DATA PROVIDED ▸
□ □ □ □
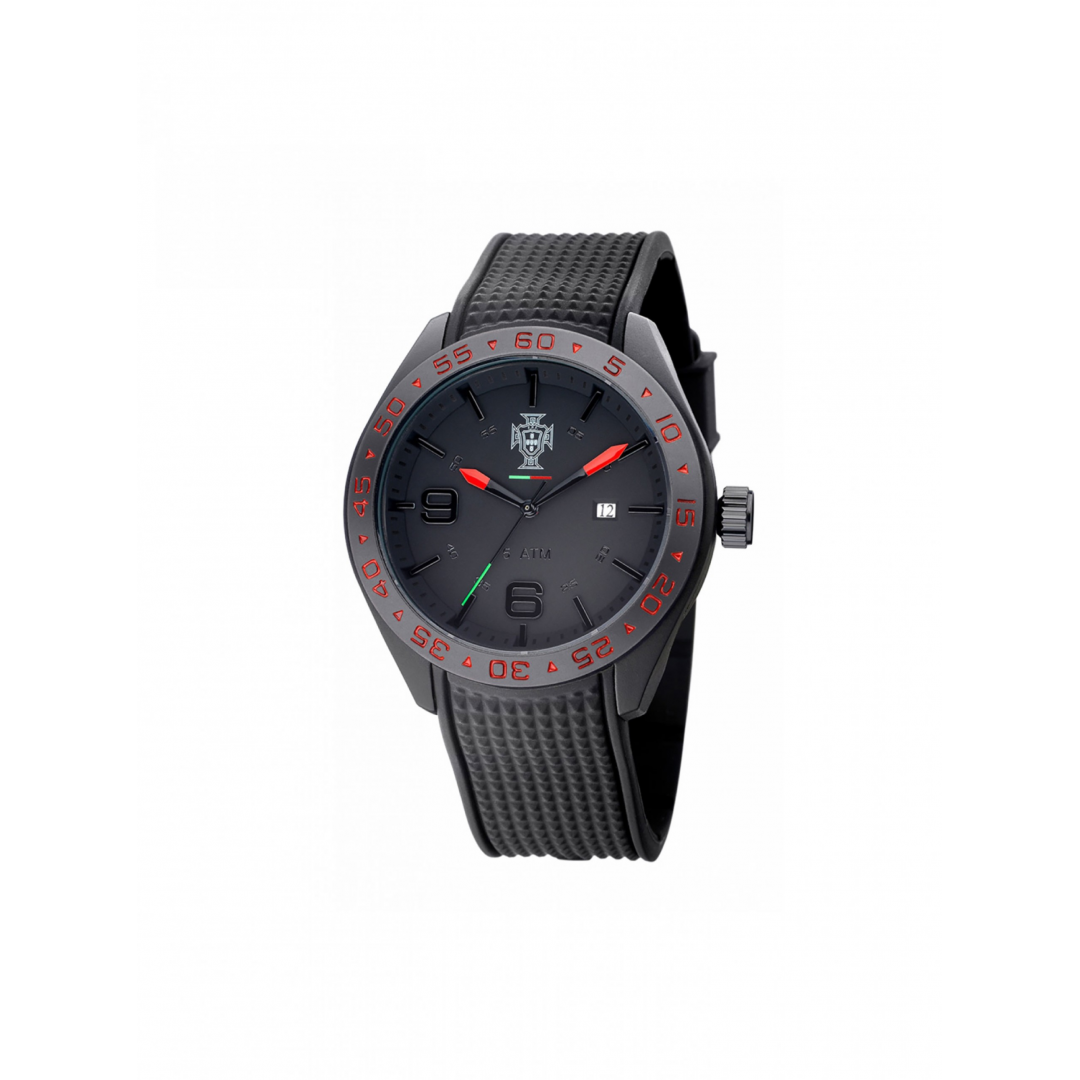 Relógio One Champions OG1066PP01S. Relógio comemorativo de Portugal como Campeão Europeu de Futebol. Com o preto como cor predominante e apontamento de vermelho e verde a lembrar a bandeira nacional, com caixa de 44 mm. Analógico com calendário, logotipo da FPF Federação Portuguesa de Futebol gravado no mostrador e com bracelete em silicone preta.
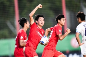 补时阶段,海港富盛经开队在对手禁区外围展开围攻,宋春晓将球吊入禁区,张慧宇禁区内成功将球打进,帮助球队扳平比分。最终,海港富盛经开队2比2战平了对手。
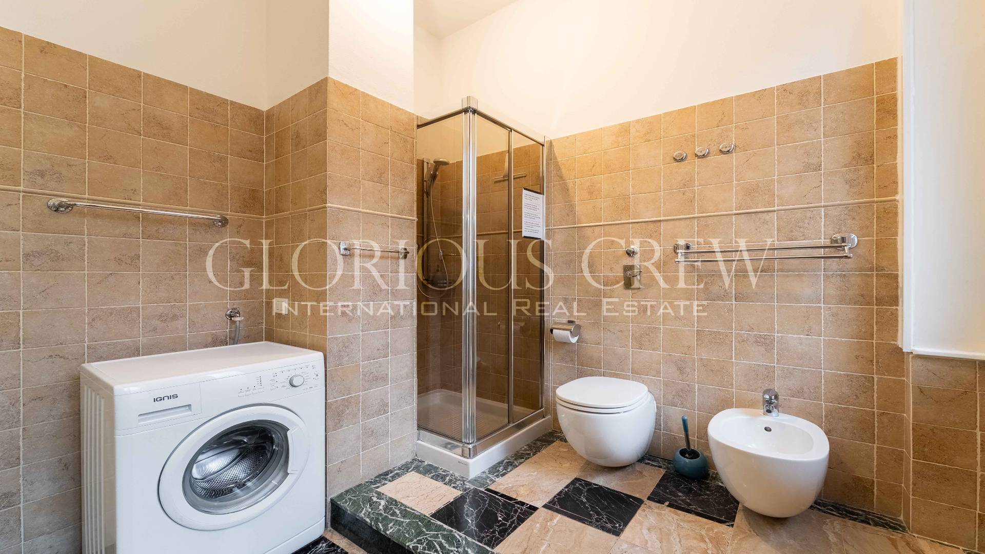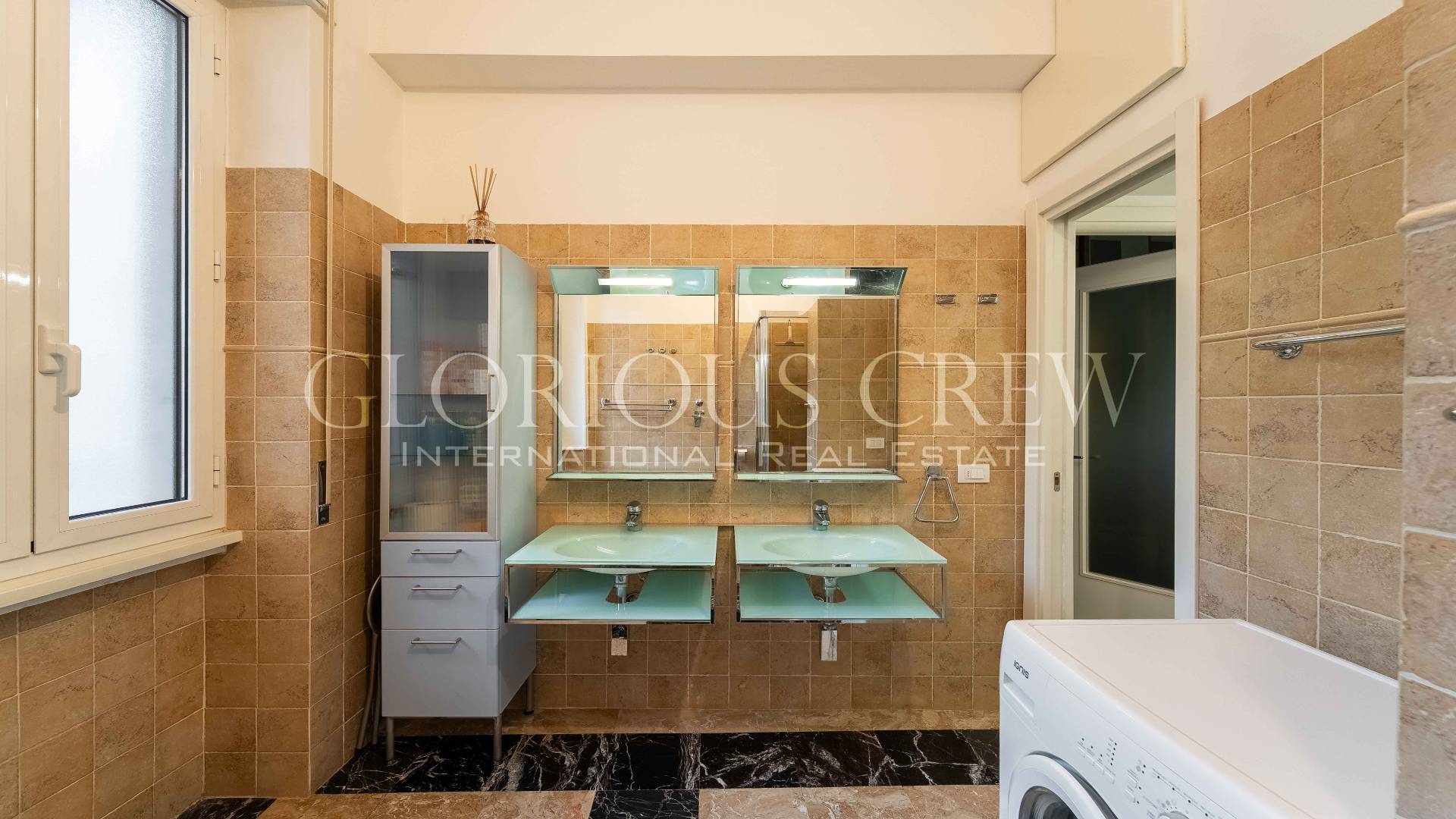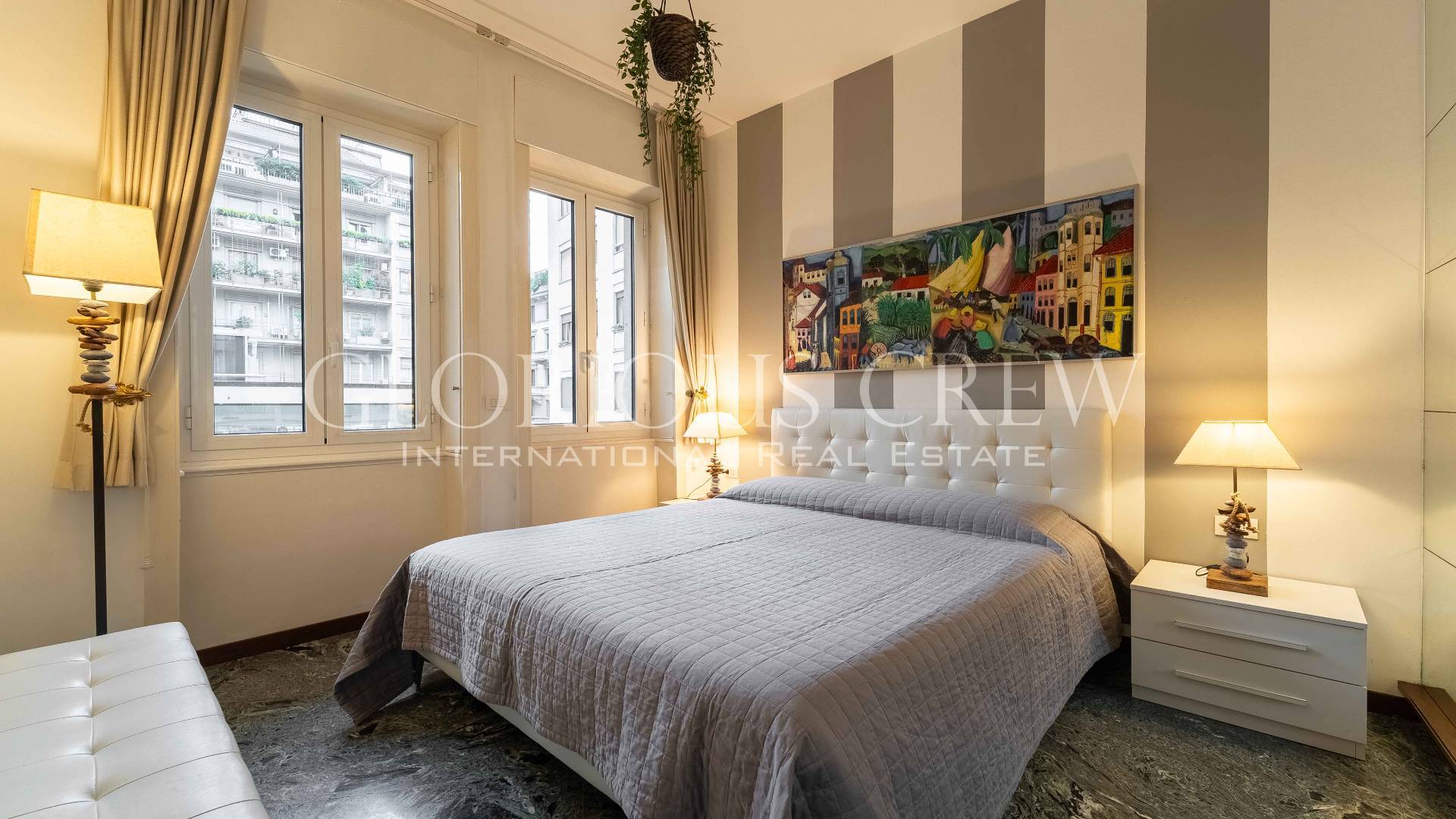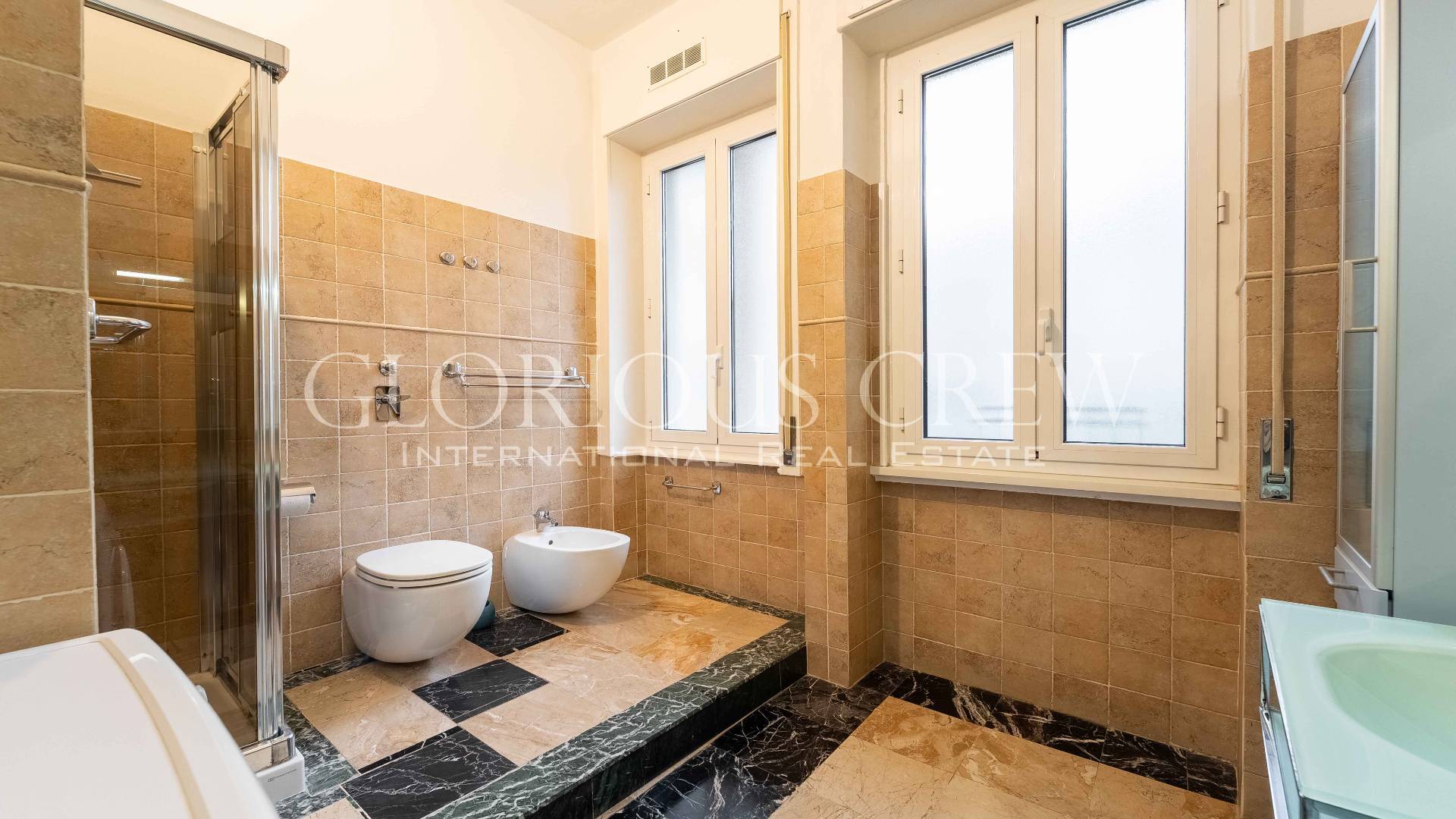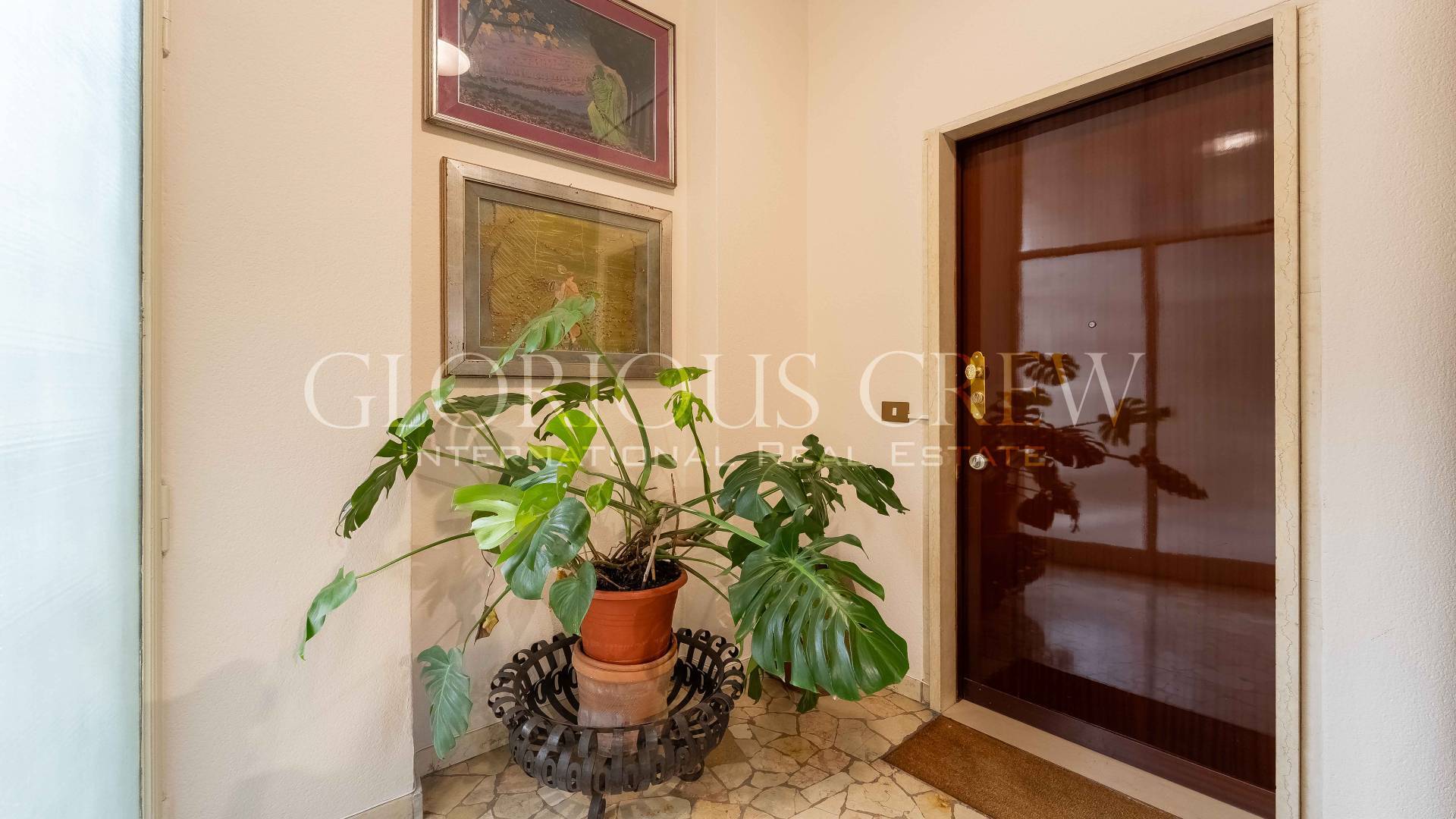 Although located on the first floor, the apartment enjoys excellent privacy thanks to its position, with views on one side over the square and on the other over the condominium garden.
□ □ □ □
PROBLEM DESCRIPTION ▸ Reproduce the whole listing exactly, but not the images in it.

PROBLEM SOLUTION ▸
 Relógio One Champions OG1066PP01S. Relógio comemorativo de Portugal como Campeão Europeu de Futebol. Com o preto como cor predominante e apontamento de vermelho e verde a lembrar a bandeira nacional, com caixa de 44 mm. Analógico com calendário, logotipo da FPF Federação Portuguesa de Futebol gravado no mostrador e com bracelete em silicone preta.
 补时阶段,海港富盛经开队在对手禁区外围展开围攻,宋春晓将球吊入禁区,张慧宇禁区内成功将球打进,帮助球队扳平比分。最终,海港富盛经开队2比2战平了对手。
 Although located on the first floor, the apartment enjoys excellent privacy thanks to its position, with views on one side over the square and on the other over the condominium garden.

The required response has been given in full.